Embedded ARM Part 0: STM32 programming with libopencm3

Companion code for this post available on Github

For many years now, I have found myself building (admittedly small) electronics projects, and for almost all of that time I have found myself reaching for the same microcontroller: the humble Atmega 328p that powers so many Arduinos (and Arduino clones!). This choice was driven by the fact that being an Arduino-compatible MCU meant I could take advantage of the huge library of code built for the Arduino platform. However, the choice is somewhat limiting - with only 16KiB of flash and 2KiB of sram, some applications were simply infeasible within that range. In addition, the relatively slow 16MHz top speed can make high-data-rate applications, like display driving, somewhat of a challenge.
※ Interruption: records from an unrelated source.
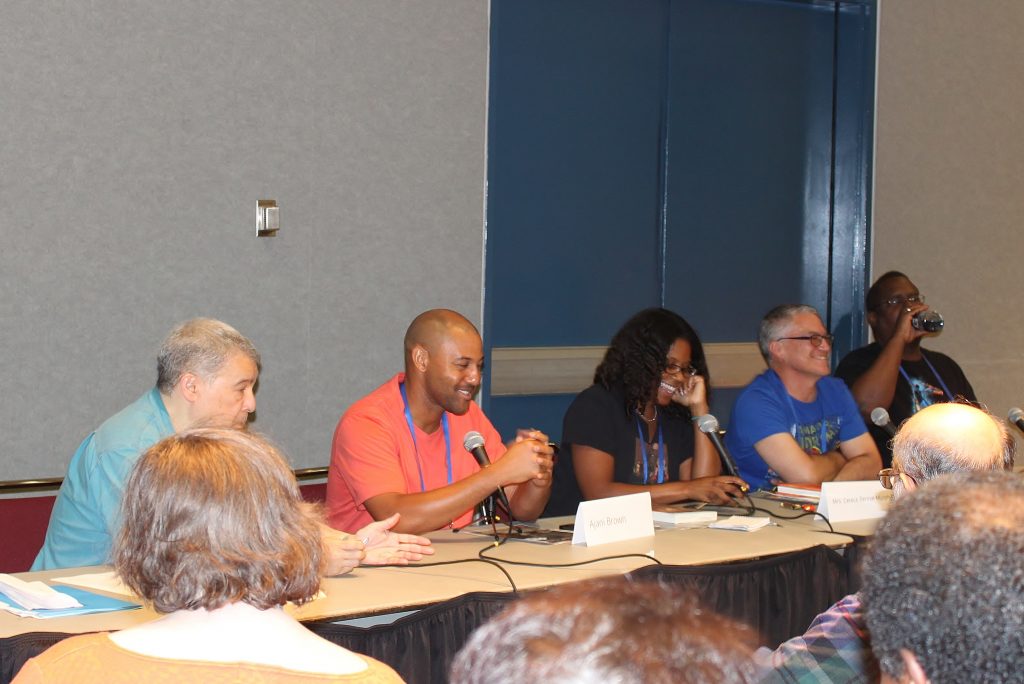 When asked if they thought that they had experienced a push back against their push for Afrofuturism, the panelists had interesting answers. Ajani Brown said that he hadn’t experienced any. Cerece, a lovely and vivacious woman, said that she had been rejected twenty times before she self-published. She said, “My mom said everything worth doing is hard.” She added, “If you look like me, it’s probably harder.”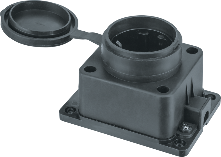 Розетка настенная с заземлением 16А IP44 черная каучук используется для подключения одиночных электроприборов к однофазной сети 250 В / 50 Гц. Подходит для установки в помещениях с высокой влажностью - мастерские, цеха, гаражи, бассейны, на открытых площадках под навесом. Также применяется при сборке переносных удлинителей и ремонтных шнуров, где важна прочность и безопасность соединений.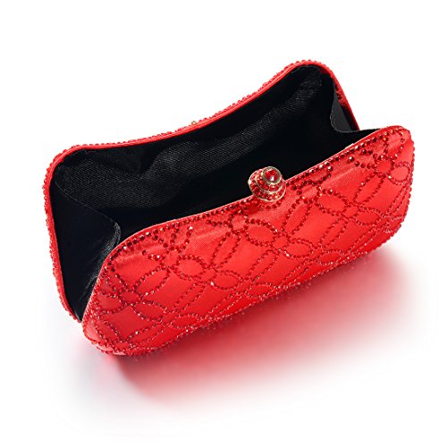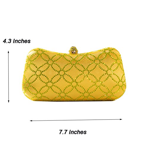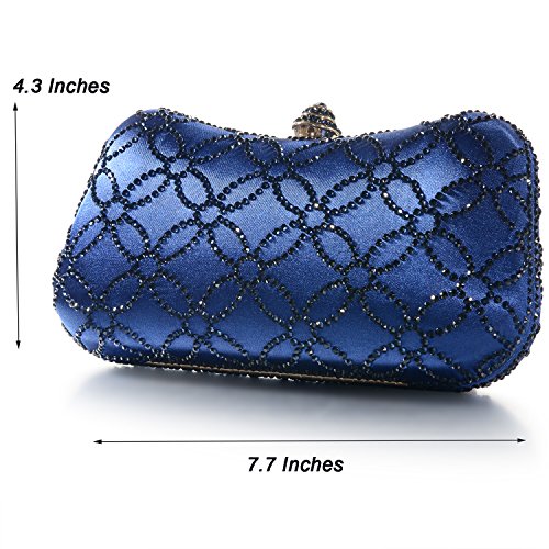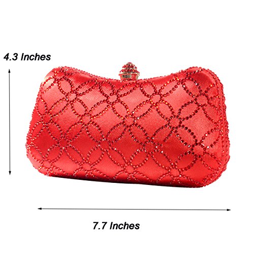 Specifications: *Product dimensions: 7.7(L) x 4.3 (H) x 1.8 (W) inches *Product weight: 1.1 pounds *Closure: Crystal clasp fastening *Shoulder strap: One detachable shoulder chain inside *Fashion element: Sparkel diamonds *Workmanship: Handmade *Materials: Fine A grade crystal diamond and metal hardware, fine fabric linning *Packaging: comes with a gift box *Ideal for holding essentials like keys, ID, lipstick and a cell phone. *Perfect for weekend, wedding, evening party, prom or a night out.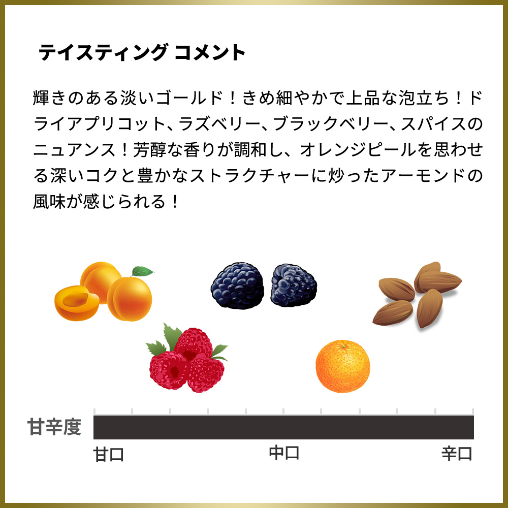 輝きのある淡いゴールド!きめ細やかで上品な泡立ち!ドライアプリコット、ラズベリー、ブラックベリー、スパイスのニュアンス!芳醇な香りが調和し、オレンジピールを思わせる深いコクと豊かなストラクチャーに炒ったアーモンドの風味が感じられる究極ミレジムシャンパーニュが限定で正規品の素晴らしい状態で限定少量入荷!

Luckily, there are a number of increasingly cheap ARM based MCUs on the market. In particular, ST has an excellent lineup, including a ‘value line’ of F0 series MCUs that offer a lot of features (128K flash, 16K sram, multiple SPI / I2C / Timer / DMA peripherals) for relatively cheap. However, a lot of the proprietary development environments (such as the graphical STMCube software) seem to me overly complex, and make it difficult to use preferred editors / development toolchains. Luckily, there is an open source low-level hardware abstraction library with coverage for the STM32 series of MCUs, called libopencm3. Using this, it is easy to write portable C(++) code that can easily be deployed using only GNU tools. In this tutorial, I will attempt to cover the basics of starting a new project with libopencm3, compiling, uploading code, and the use of the SysTick peripheral.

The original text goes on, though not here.